[Information provided]:
══════════════════════════════
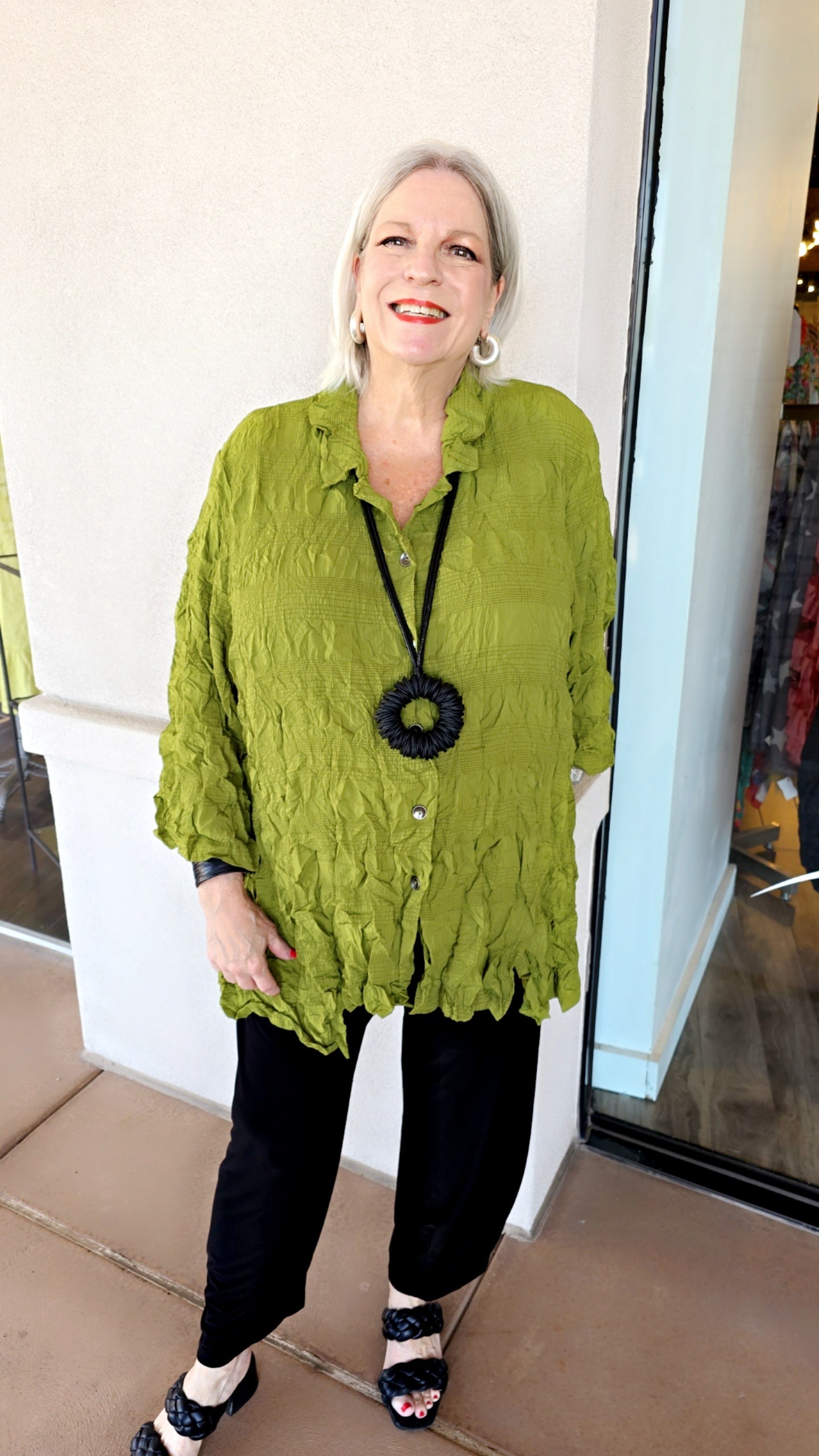 The Chalet Plus Size Crinkle Grass Kehlani Shirt features a spread collar, 3/4 sleeves, and front slits for added style and comfort.
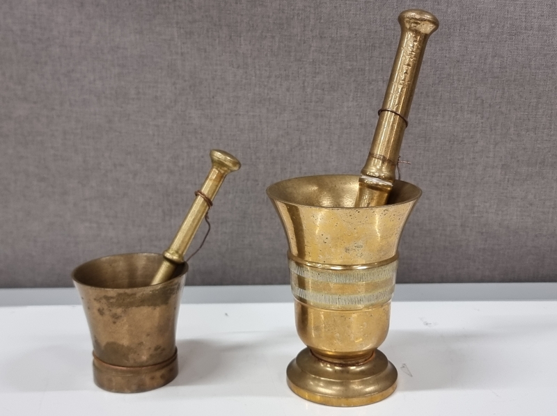 #2205 Erä vanhoja esineitä. Mm. 2kpl mortteleita ja tiinu v.1879
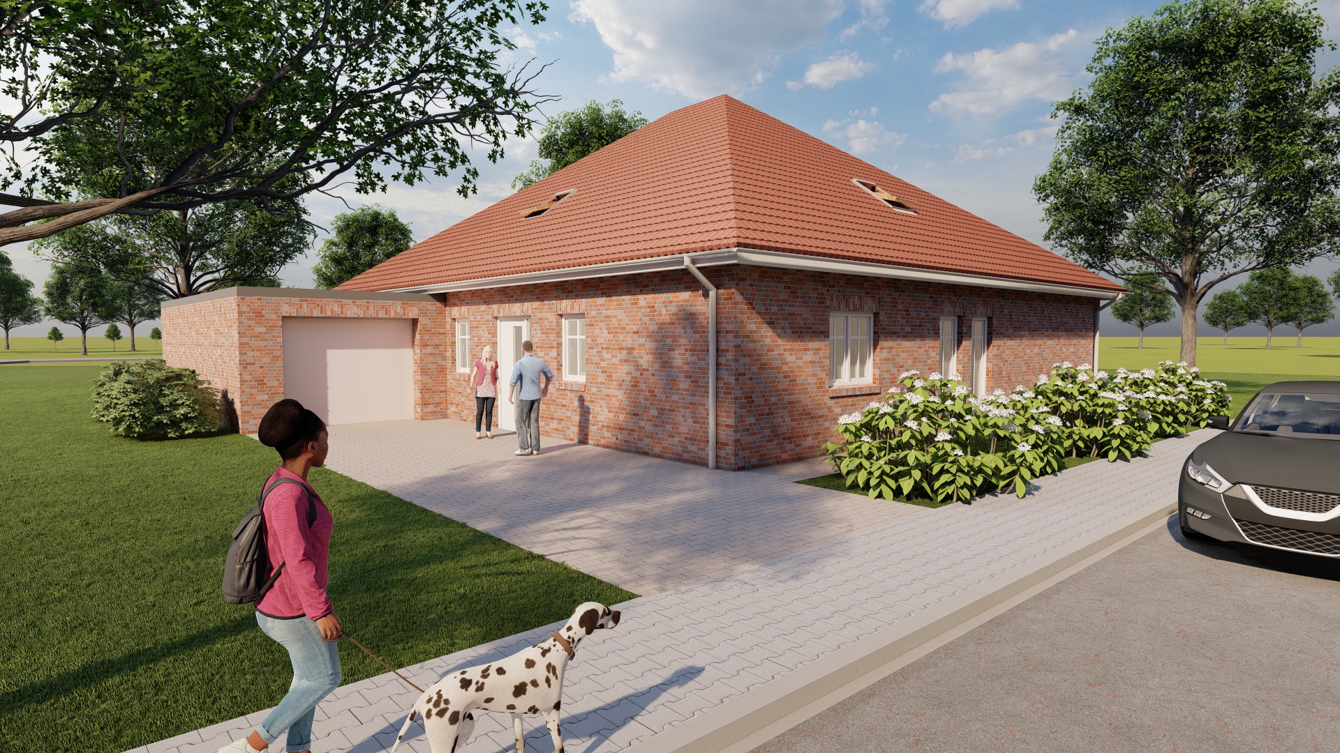 „Borkum„ präsentiert sich als zeitloser Bungalow, das durch ein Walmdach abgerundet wird. Zwei Schlafzimmer und zwei Badezimmer verteilen sich auf ein Ebenen. Eine ausgezeichnete Wahl für die erste eigene Wohnung. Eine moderne Wohnküche bietet viel Platz für gemeinsame Kochabende und gemütliche Gespräche.
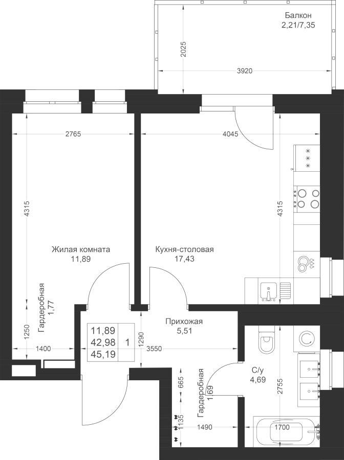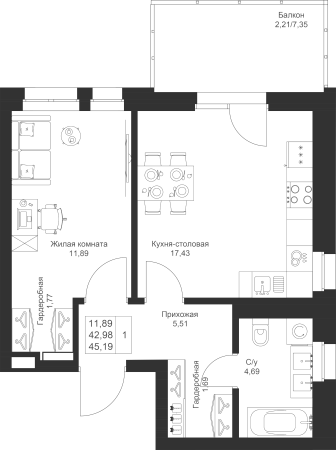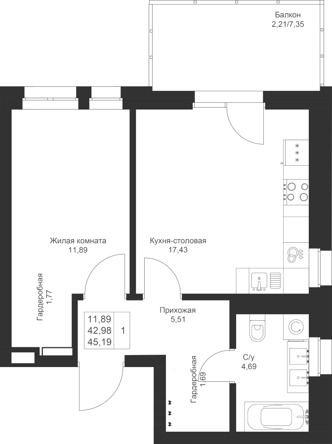 Визуализация и планировка, в том числе в части площади и размера стен жилого помещения, используемых цветовых решений на плане являются проектными и могут быть изменены в ходе строительства объекта. Цена квартиры зависит от выбранной программы и акции, актуальные цены можно уточнить у менеджеров и на момент заключения договора.
══════════════════════════════
[Problem]:
I would like the data above transcribed exactly, with its pictures left out.

[Answer to this task]:
 The Chalet Plus Size Crinkle Grass Kehlani Shirt features a spread collar, 3/4 sleeves, and front slits for added style and comfort.
 #2205 Erä vanhoja esineitä. Mm. 2kpl mortteleita ja tiinu v.1879
 „Borkum„ präsentiert sich als zeitloser Bungalow, das durch ein Walmdach abgerundet wird. Zwei Schlafzimmer und zwei Badezimmer verteilen sich auf ein Ebenen. Eine ausgezeichnete Wahl für die erste eigene Wohnung. Eine moderne Wohnküche bietet viel Platz für gemeinsame Kochabende und gemütliche Gespräche.
 Визуализация и планировка, в том числе в части площади и размера стен жилого помещения, используемых цветовых решений на плане являются проектными и могут быть изменены в ходе строительства объекта. Цена квартиры зависит от выбранной программы и акции, актуальные цены можно уточнить у менеджеров и на момент заключения договора.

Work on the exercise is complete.